Wednesday, August 10, 2011

Sudoku Freebie!

One thing I want to do this year is introduce my students to Sudoku. (I have spent countless hours playing it in the past few years.) It's a such wonderful, mind-stimulating game that fosters critical thinking skills in students. I am posting the Sudoku pages that I put together for my own classroom. I did not make up these puzzles, just typed them up. (I wanted them to be bigger and I also added a few additonal numbers to some of the puzzles to make it a wee bit easier.) I'm posting what I made for you to use in your own classroom.

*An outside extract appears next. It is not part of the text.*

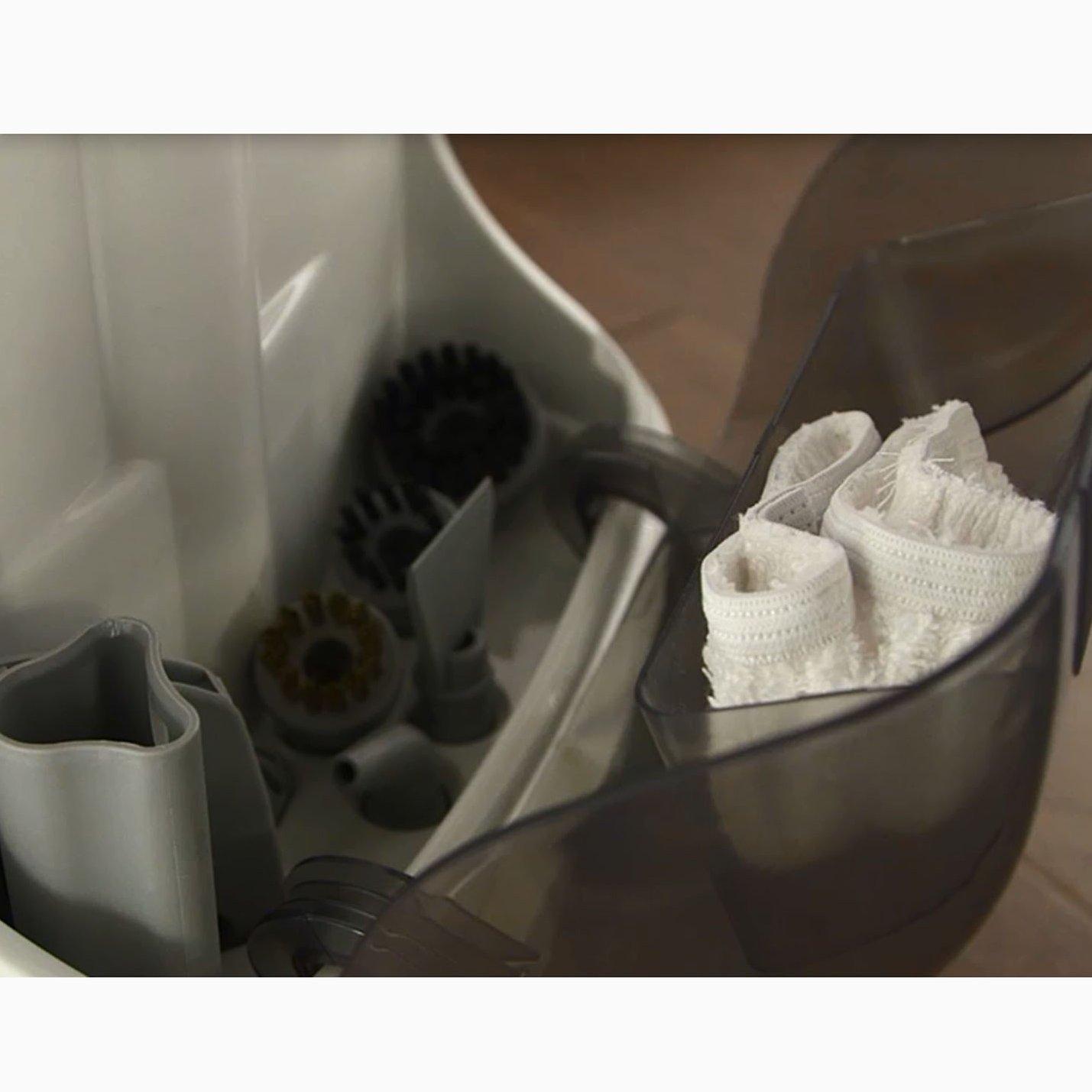 A 16 piece accessory kit is included, so there’s a tool to help make every cleaning task effortless. The kit includes a hose and handle, scraper tool, grout brush, detailer tool, concentration nozzle, upholstery/window tool, small plastic brush, large plastic brush, floor head, 3px extension tube, funnel, measuring jug, upholstery tool cloth x2 and floor head cloth.

Do any of you already use Sudoku? I'd love to hear about it!

Sudoku Puzzles


  1. Hi there! My students and I just LOVE Sudoku! Last year, I taught fourth grade gifted and talented math and I used these as warm-ups, challenge centers/logic games, and as competetive games. Many students would end up carrying them from math class to lunch and then sharing them with all the other students. I ended up having to make a ton of copies! I have to admit, I just purchased a copy of "Absolutely Nasty Sudoku Puzzles" at a local wholesale club. It's great for the mind!
    Thanks so much for sharing!
    Hop on over to Teaching Tales!

  2. I'm a subsitute teacher and I love using Sudoku as a filler. Last year I printed off an easy and a medium for a class I was subbing for, not knowing if they'd like it, and after I subbed, they always ask if I brought Sudoku with me! I think this could be used for morning owrk, fillers, a math center, the possiblities are endless!

    Journey of a Substitute Teacher

  3. I love using sudoku with my class. I usually use it as a fast finisher activity for my math inclined. I will teach a few kids and show them my strategies, then they become the sudoku leaders and teach others who are interested in learning.

    Thanks for sharing your boards. It is the perfect reason to try out my personal laminator I just got!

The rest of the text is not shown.